The line that contains "Watch the birdie!" marks the start. Please set it down, with every later line of the data, exactly and without pictures.

> Source material:
= Beginning of Section =
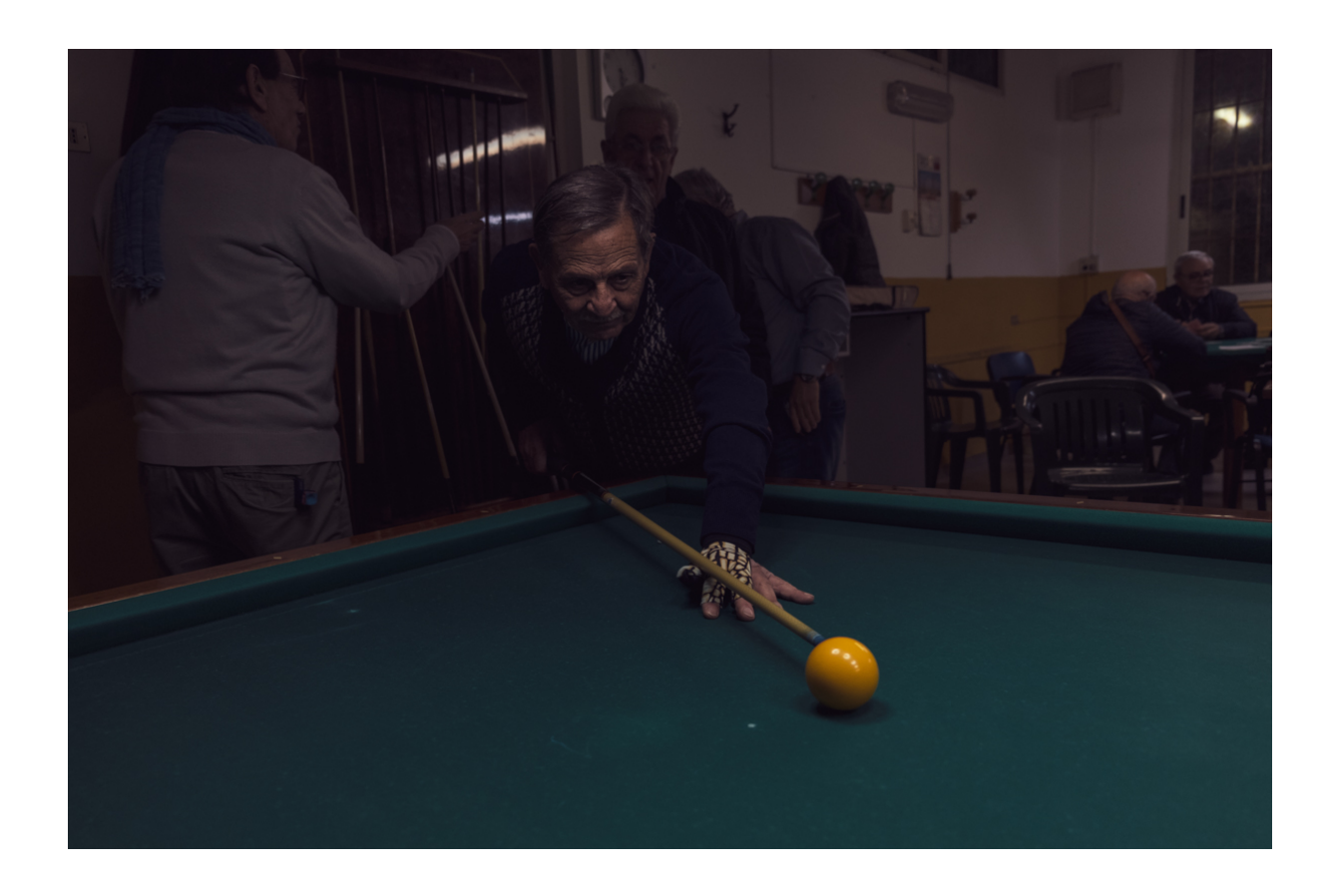
Рното 6: Gela, Macchitella district. Billiard room inside the Eni Group Club. In the 1960s the neighbourhood was equipped with a series of unimaginable comforts for the local inhabitants, such as the continuous availability of drinking water and health, commercial and cultural services, such as a hospital, a shopping centre and a cinema-theatre.
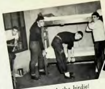
Watch the birdie!
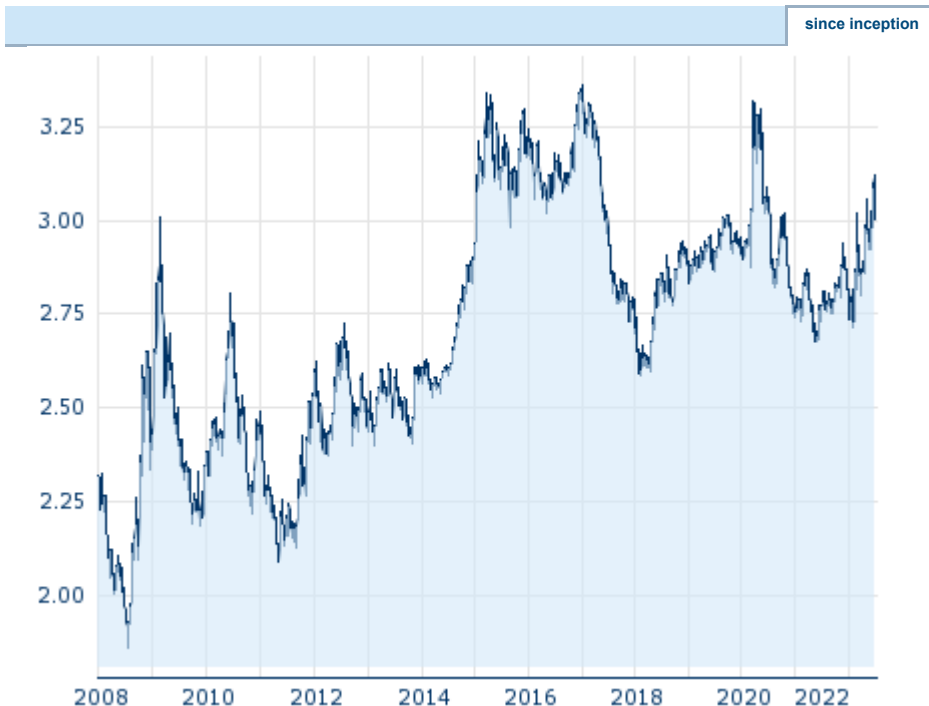
Performance since inception. Performances under 12 month have only little informative value because of the short maturity. Information about previous performance does not guarantee future performance. Source: Česká spořitelna, a. s.
= End of Section =
> Output for this task:
Watch the birdie!
Performance since inception. Performances under 12 month have only little informative value because of the short maturity. Information about previous performance does not guarantee future performance. Source: Česká spořitelna, a. s.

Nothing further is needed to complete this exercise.